X = iris.data[(iris.target==0) | (iris.target==1)]
Y = iris.target[(iris.target==0) | (iris.target==1)]
# Class 0 has indices 0-49. Class 1 has indices 50-99.
# Divide data into 80% training, 20% testing.
train_indices = list(range(40)) + list(range(50,90))
test_indices = list(range(40,50)) + list(range(90,100))
X_train = X[train_indices]
X_test = X[test_indices]
y_train = Y[train_indices]
y_test = Y[test_indices]
###########################################################################
###### Convert categorical variable to matrix and merge back with training
###### data.
# Fake categorical variable.
catVar = np.array(['a']*40 + ['b']*40)
catVar = categorical(catVar, drop=True)
X_train = np.concatenate((X_train, catVar), axis = 1)
catVar = np.array(['a']*10 + ['b']*10)
catVar = categorical(catVar, drop=True)
X_test = np.concatenate((X_test, catVar), axis = 1)
###########################################################################
# Model and test.
clf = GradientBoostingClassifier(learning_rate=0.01,max_depth=8,n_estimators=50).fit(X_train, y_train)
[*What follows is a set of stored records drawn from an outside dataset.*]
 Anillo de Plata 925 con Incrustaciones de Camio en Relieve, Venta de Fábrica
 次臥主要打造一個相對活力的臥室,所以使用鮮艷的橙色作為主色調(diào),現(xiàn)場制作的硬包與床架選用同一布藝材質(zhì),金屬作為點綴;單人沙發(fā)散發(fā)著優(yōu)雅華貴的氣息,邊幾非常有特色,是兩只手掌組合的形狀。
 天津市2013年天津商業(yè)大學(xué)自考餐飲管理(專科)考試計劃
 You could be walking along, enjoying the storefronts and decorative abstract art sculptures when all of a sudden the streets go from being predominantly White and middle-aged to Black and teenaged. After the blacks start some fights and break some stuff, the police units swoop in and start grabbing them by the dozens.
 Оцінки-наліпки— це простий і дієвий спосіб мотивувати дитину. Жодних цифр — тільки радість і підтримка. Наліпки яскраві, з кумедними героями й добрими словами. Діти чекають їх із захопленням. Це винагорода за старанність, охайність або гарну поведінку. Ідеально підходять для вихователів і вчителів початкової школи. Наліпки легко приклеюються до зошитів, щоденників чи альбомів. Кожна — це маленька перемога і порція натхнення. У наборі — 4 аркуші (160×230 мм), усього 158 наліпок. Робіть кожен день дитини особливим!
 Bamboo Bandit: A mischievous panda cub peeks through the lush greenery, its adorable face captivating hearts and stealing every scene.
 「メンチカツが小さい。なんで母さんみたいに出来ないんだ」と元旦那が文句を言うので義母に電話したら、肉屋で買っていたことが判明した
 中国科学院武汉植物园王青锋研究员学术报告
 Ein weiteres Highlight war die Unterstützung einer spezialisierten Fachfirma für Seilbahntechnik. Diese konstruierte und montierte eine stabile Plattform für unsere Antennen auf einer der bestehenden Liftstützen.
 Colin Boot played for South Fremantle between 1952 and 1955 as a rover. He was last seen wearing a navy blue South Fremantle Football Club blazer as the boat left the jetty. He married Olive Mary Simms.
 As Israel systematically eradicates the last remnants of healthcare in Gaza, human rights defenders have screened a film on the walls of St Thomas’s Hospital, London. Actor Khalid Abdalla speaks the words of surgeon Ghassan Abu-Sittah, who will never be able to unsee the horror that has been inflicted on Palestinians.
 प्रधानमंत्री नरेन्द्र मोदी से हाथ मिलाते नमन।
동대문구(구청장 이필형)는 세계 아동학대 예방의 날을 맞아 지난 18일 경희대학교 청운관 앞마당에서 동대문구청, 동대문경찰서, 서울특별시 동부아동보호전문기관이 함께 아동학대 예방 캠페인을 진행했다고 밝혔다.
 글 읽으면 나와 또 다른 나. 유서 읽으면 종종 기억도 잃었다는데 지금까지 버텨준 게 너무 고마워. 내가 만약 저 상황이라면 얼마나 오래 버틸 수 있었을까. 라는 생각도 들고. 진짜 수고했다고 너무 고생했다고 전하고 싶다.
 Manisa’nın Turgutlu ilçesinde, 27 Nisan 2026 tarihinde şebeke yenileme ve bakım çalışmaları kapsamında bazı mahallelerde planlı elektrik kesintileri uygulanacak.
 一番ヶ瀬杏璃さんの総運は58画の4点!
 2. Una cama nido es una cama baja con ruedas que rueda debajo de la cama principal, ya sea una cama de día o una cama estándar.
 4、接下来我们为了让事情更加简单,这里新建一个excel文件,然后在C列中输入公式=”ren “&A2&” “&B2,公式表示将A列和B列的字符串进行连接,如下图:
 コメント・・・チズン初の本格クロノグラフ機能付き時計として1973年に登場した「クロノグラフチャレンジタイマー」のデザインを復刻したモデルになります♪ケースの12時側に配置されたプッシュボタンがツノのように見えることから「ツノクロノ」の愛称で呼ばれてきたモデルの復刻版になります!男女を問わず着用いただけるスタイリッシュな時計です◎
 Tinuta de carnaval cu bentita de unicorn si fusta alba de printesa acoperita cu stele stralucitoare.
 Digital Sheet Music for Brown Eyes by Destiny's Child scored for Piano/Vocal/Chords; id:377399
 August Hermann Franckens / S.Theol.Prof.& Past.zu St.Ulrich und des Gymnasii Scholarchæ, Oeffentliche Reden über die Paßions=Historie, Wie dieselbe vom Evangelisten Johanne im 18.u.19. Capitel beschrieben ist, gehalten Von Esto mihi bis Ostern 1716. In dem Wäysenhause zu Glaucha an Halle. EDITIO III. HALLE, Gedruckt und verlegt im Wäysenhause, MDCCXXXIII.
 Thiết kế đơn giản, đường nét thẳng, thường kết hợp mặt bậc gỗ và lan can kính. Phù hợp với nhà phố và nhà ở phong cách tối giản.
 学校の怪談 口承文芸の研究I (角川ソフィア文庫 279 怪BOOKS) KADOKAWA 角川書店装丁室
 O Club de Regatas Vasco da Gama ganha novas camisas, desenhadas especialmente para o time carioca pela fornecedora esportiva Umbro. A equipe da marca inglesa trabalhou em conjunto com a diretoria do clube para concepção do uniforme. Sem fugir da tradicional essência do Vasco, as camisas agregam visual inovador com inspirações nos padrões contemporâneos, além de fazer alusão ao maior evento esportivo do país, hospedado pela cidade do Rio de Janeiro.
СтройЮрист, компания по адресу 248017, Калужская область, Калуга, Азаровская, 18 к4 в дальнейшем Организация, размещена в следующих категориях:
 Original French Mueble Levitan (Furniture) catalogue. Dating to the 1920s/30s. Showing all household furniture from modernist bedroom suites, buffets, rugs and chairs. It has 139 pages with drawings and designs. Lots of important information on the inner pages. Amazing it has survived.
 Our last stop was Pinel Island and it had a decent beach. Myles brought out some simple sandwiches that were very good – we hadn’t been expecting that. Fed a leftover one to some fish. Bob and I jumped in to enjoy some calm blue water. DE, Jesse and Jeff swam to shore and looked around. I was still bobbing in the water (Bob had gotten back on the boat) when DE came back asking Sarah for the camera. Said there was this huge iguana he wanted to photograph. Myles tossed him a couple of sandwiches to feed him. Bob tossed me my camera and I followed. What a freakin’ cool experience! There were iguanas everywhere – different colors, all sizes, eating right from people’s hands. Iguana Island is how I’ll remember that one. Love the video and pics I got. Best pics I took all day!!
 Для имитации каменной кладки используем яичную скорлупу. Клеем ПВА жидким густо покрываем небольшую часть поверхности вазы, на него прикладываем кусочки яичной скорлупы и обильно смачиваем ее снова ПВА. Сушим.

prob = clf.predict_proba(X_test)[:,1] # Only look at P(y==1).
fpr, tpr, thresholds = roc_curve(y_test, prob)
roc_auc_prob = auc(fpr, tpr)
print(prob)
print(y_test)
print(roc_auc_prob)
Thanks to Andreas Muller for instructing that pandas Dataframe should not be used for scikit-learn estimators.
Sure it can handle it, you just have to encode the categorical variables as a separate step on the pipeline. Sklearn is perfectly capable of handling categorical variables as well as R or any other ML package. The R package is still (presumably) doing one-hot encoding behind the scenes, it just doesn't separate the concerns of encoding and fitting in this case (as it arguably should).